Oh Lord the pain I felt today was bad, so bad apparently I can’t remember what actually happened to create the pain. I know that not using my arm will only make it stiff so I have continued to type and do cross-stitch, but I have felt an achiness I haven’t felt since my surgeries or from the freak accident that lead to my tiny fracture. I wore my sleeve most of the day and I think I will tonight as well.

This anomaly with my ulna bone was something out of the blue. Nothing could have prepared me for the two surgeries I would have or the fracture that was from the Clinic I was working in at the time. Although I had a difficult time trying to figure out why that happened. My arm simply hadn’t fully healed from the second surgery to take out all that hardware and then I rushed to find a job as quickly as I could.

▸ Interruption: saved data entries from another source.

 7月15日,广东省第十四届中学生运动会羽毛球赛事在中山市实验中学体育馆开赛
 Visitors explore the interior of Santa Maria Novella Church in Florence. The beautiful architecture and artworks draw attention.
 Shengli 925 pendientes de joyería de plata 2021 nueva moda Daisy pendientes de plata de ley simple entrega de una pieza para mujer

Then if my trouble wasn’t enough today my Mom took my Uncle for another appointment today. It was supposed to be a check up on his glasses making a mark on his face. Well it ended up being maybe more than that. He may even have cancer and will have to biopsy the location. This would make my second Uncle to deal with a cancer diagnosis fortunately this one is not as metastatic as his older brother and hopefully will be contained to this one area.

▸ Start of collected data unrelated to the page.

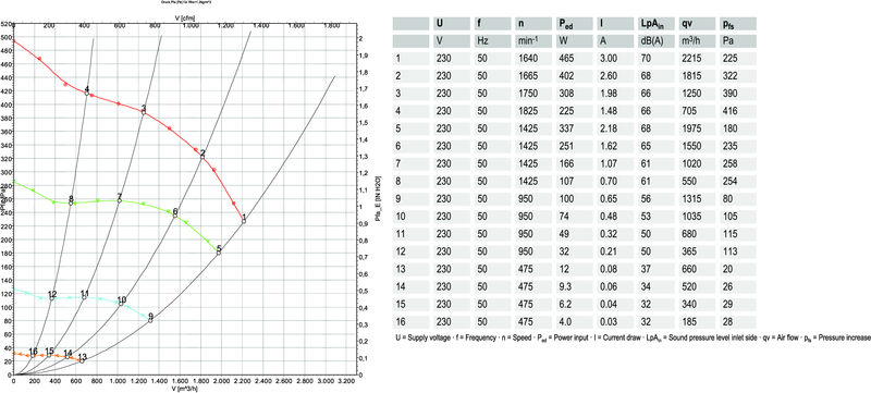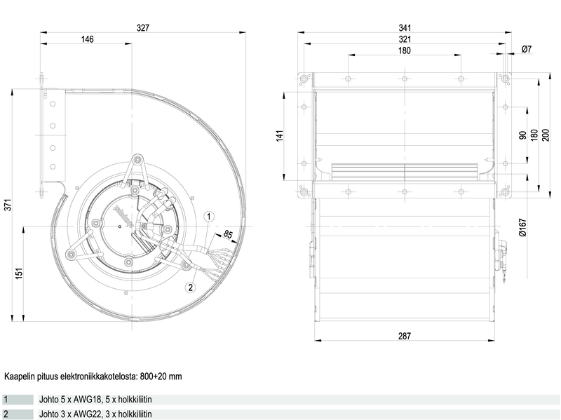 Molemmin puolin imevä radiaalipuhallin eteenpäin taivutetuin siivin. Varustettu energiaa säästävällä EC-moottorilla, jossa on integroitu käyttö- ja ohjauselektroniikka.
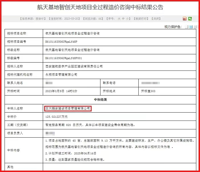 2023年3月,經(jīng)評(píng)標(biāo)委員會(huì)評(píng)定,招標(biāo)人確認(rèn),正大鵬安建設(shè)項(xiàng)目管理有限公司中標(biāo)西安建航數(shù)字產(chǎn)業(yè)園區(qū)建設(shè)有限責(zé)任公司的“航天基地智創(chuàng)天地項(xiàng)目全過程造價(jià)咨詢”項(xiàng)目。
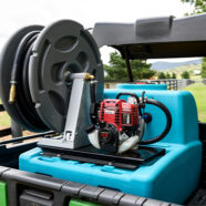 Equip your fire fighting setup with the Fire Fighting Poly Hose Reel. It features a base-mounted steel frame, a rotating handle, and 36m of 19mm hose with an adjustable nozzle for effective firefighting.
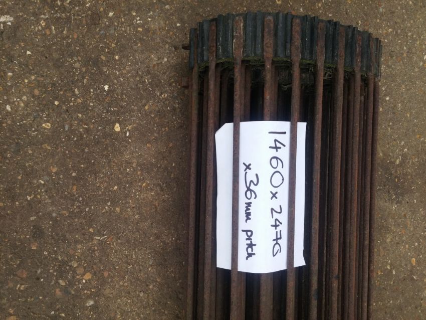 Quantity of used webs for Grimme harvester 3 long webs: 1460 x 6970 x 50mm pitch, 1460 x 6970 x 45mm pitch and 1460 x 2470 x 36mm. ( Broken Joiner) 3 short webs: 1460 x 2470 x 36mm pitch, 1460 x 2470 x 40mm pitch & 1460 x 2300 x 28mm pitch. Location: Ely Cambridgeshire.
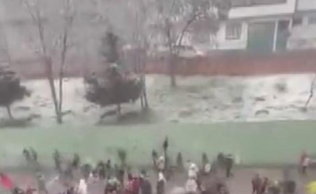Gaziantep’te ortaokul öğrencileri Mart ayında yağan karın tadını teneffüste çalan müzik eşliğinde dans ederek çıkardı. O anlar cep telefonu kamerasıyla kaydedildi.
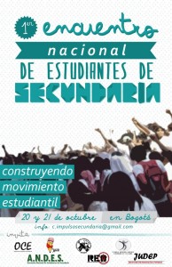 Como estudiantes de secundaria, somos conscientes de la necesidad de luchar por una educación pública, gratuita, de calidad y al servicio del pueblo colombiano, una educación que sea en realidad un derecho para todos y todas, que no se convierta en un privilegio para unos pocos. Es por esto que este Encuentro Nacional de Secundaria

This is just a lot to deal with especially after losing an Aunt last year this is just a little too much cancer to be dealing with all of a sudden. However, it’s not just the cancer there is the care-taking aspect. His glasses were searing into his skin which means he can’t use his glasses. He has to have his glasses to see and to drive and to do everything. He has already had an MRI that cleared him of any major heart attack or stroke yet he clearly is having trouble remembering.

Please Lord, give us some guidance and mercy in dealing and coping with these diagnoses. I love my Uncles, but with this short-term memory loss Uncle Tony can get defensive and when certain things aren’t done right we get an ear full or the grumpy look. Taking care of family isn’t always easy I know this from experience, I ask for us, Mom and me especially, that you would give us the comfort and mercy to not take everything personally and that we remember that we are family first and foremost. Lord thank you for your continued mercies during this time of figuring out diagnoses and treatment courses. Also that this morning was just a bad day for me and that my bruised arm will heal and feel better tomorrow and the next day. In Jesus Name Amen.